Ans. In my mind that there is no need of affidavit in this Case. The Society is not justified in rejecting your application for Associate membership, when you have completed with the formalities as per Byelaws. There are 2 things Common between nominee and will. Both nominee and will come into operation or becomes effective only on the death of the original member. And secondly both these documents can be changed any number of times by the original member thereof. The difference between will and nomination is that nomination does not bestow any title or ownership rights in the property. A nominee is merely a trustee and accountable to legal heirs. He works as a catalyst to facilitate the procedure of transmission to the legal heirs. In contrast a will bestows an inheritable right, title and interest in the property. The beneficiary of Will is entitled to the ownership of the property as stipulated in the will. A person making a will can even oust the rights of his legal heirs.

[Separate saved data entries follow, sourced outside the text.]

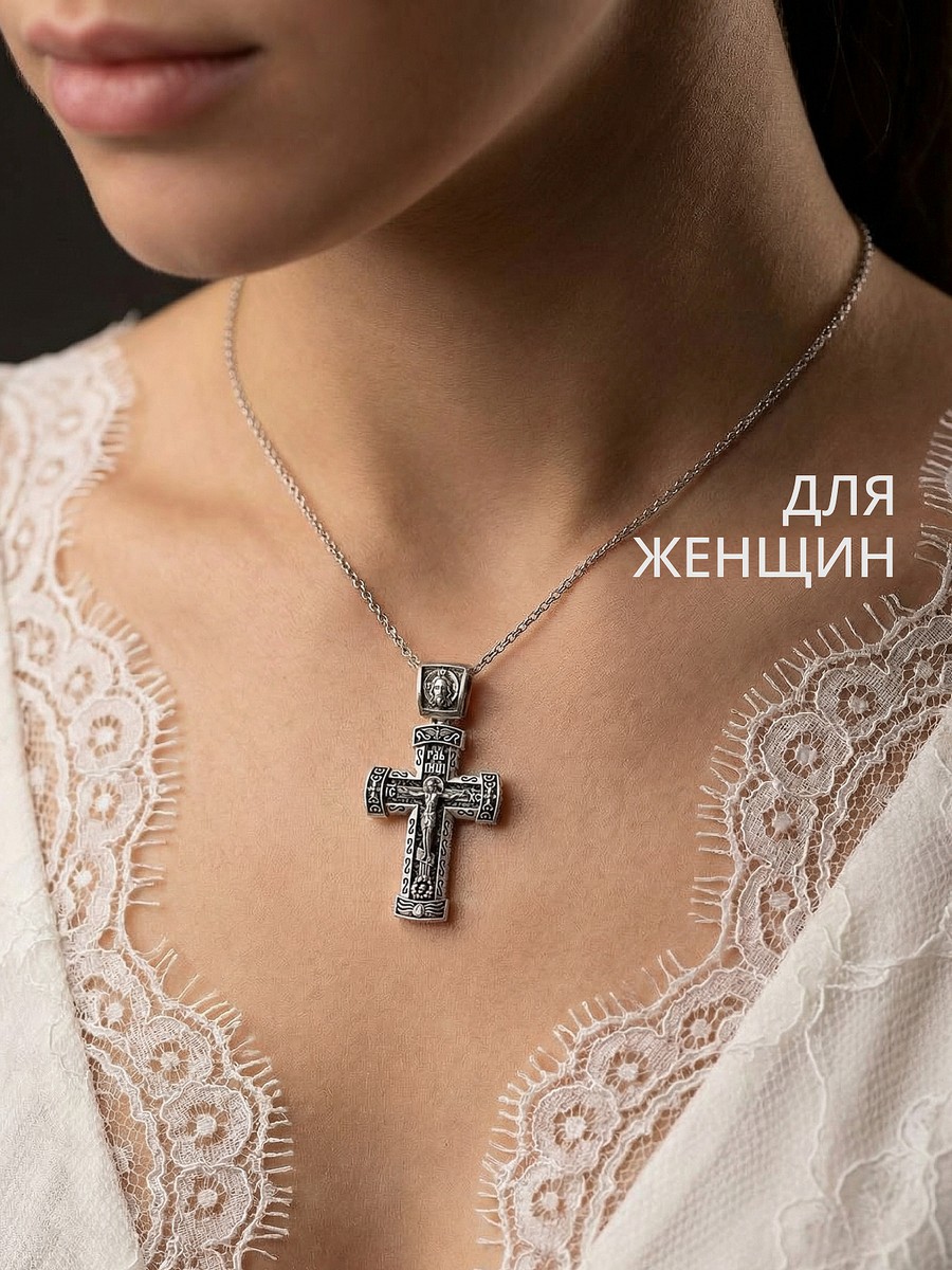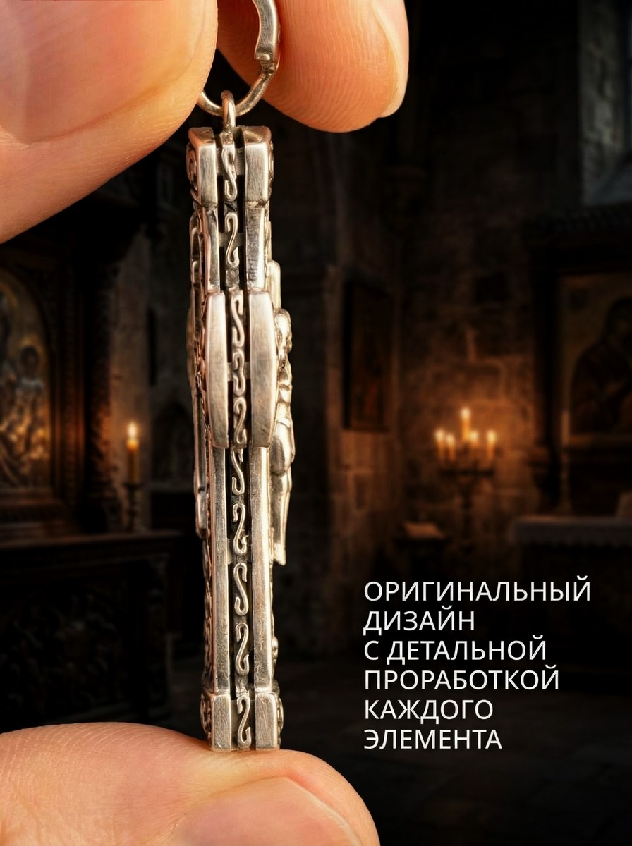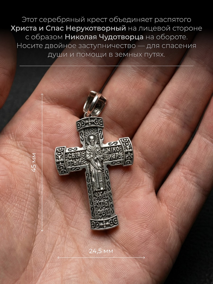 Подвеска 1002 выполнена из серебра 925 пробы и украшена натуральными вставками: б/к Николай Чудотворец карат
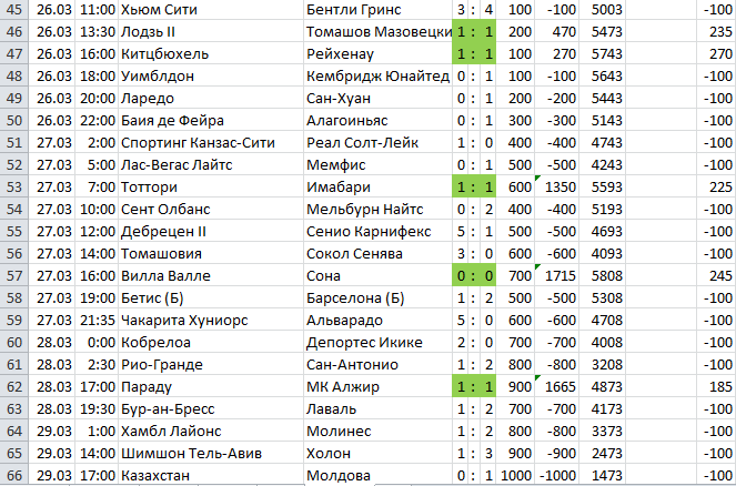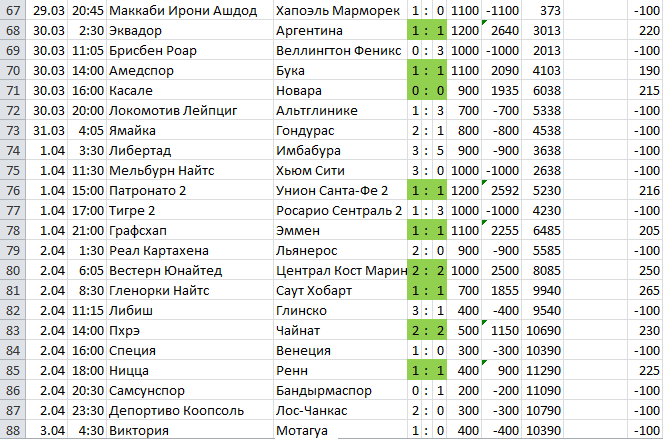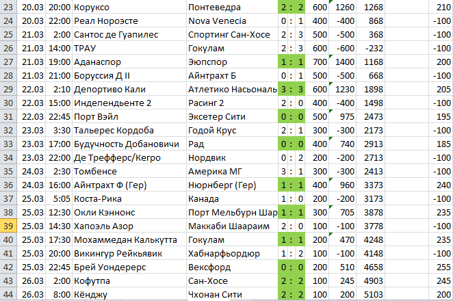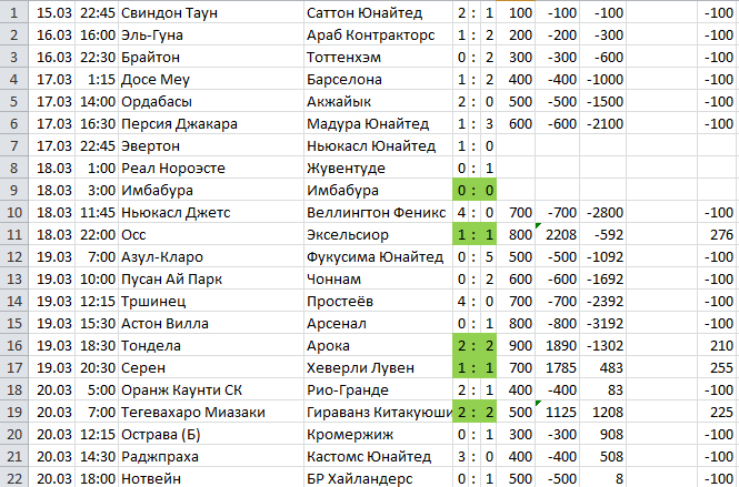 Да, в этом случае "плотность ничьих" очень важна, если будут длинные лузовые серии при периодически повторяющихся сериях ничьих, то эти лузовые серии будут не страшны. Я эту систему придумал, когда играл на Лиге Про. Но система, конечно, не идеальна: при малом общем количестве ничьих банк постепенно сольётся.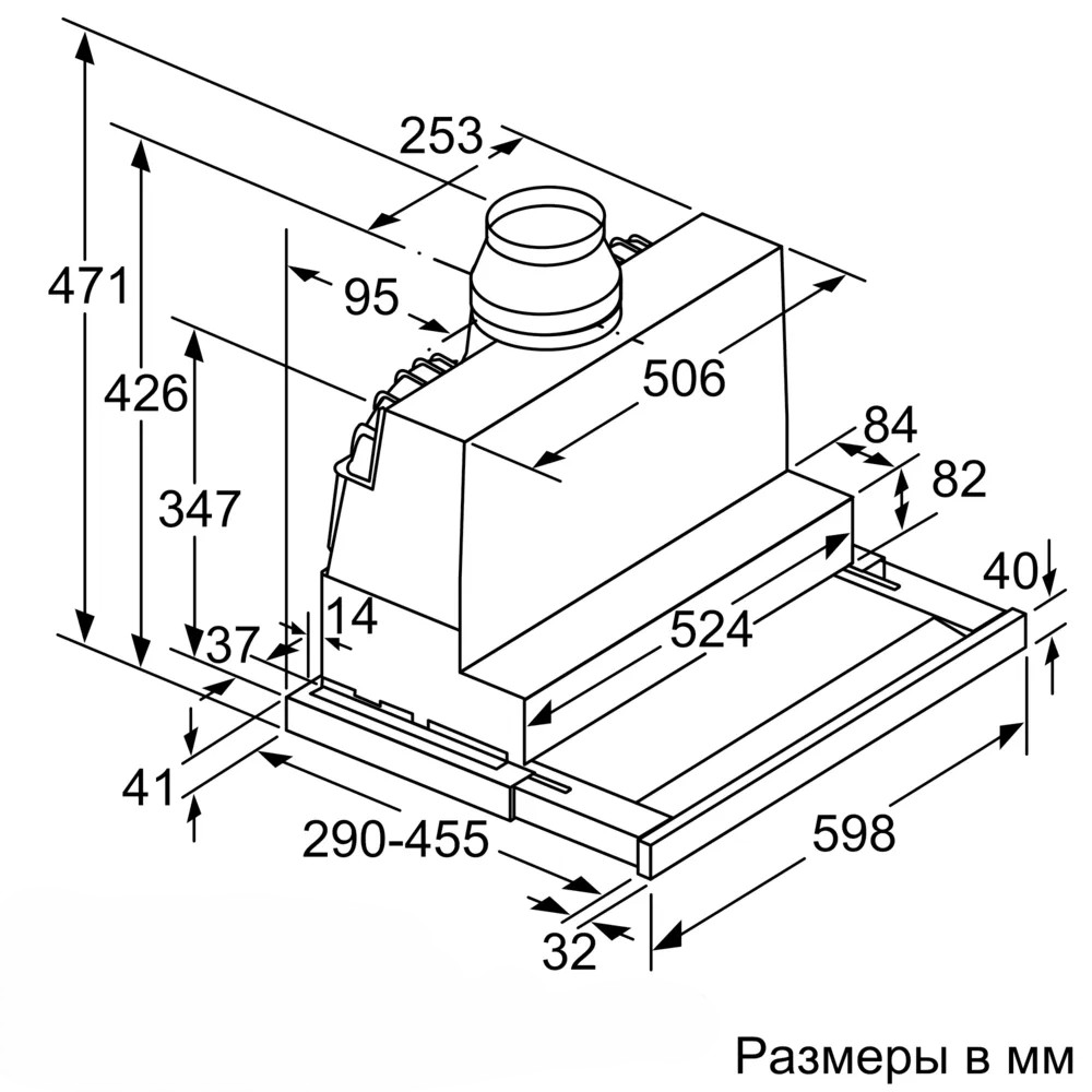Схема встраивания 1 для кухонной вытяжки Bosch DFS067K51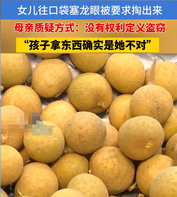 (信息来源:1818黄金眼 2024年12月3日 《女儿兜里有龙眼,妈妈质疑超市的做法》 )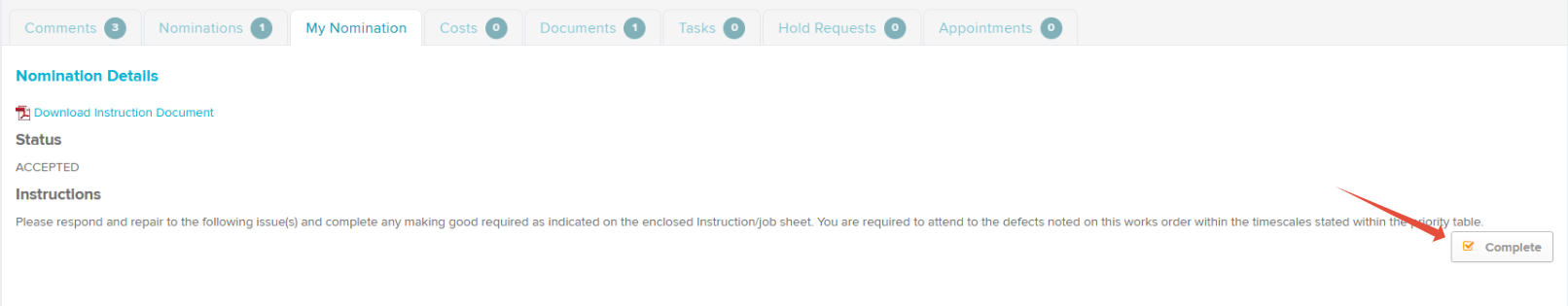When works for an accepted nomination have been carried out, the nomination will need to be completed.

In your case, your father is very much alive. At present your father is very much entitled to deal with his property in whatsoever form he wishes. So if he wishes to make you as an associate member, he has every right to do so. I further submit that in your context the CHS is duty bound to accept you as an associate member. You can explain this position to the CHS by writing a letter with an acknowledgement for the same. Inspite of the requisition given by you if the CHS is not ready to accept you. Then it becomes a fit case to file before the Dy.Registrar of your respective ward. After your father’s death, CHS can deal with the beneficiary mentioned in the will. Ultimately it is the beneficiary mentioned in the ‘will’ who will supersede the nominee by obtaining a probate, if the Society insists for a probate. The purpose of your father to make your mother nominee in the ‘will’ is similar of appointing an administrator/executor/trustee/caretaker of the “will” who will work as a catalyst to facilitate transmission of shares in favour of the beneficiary mentioned in the will.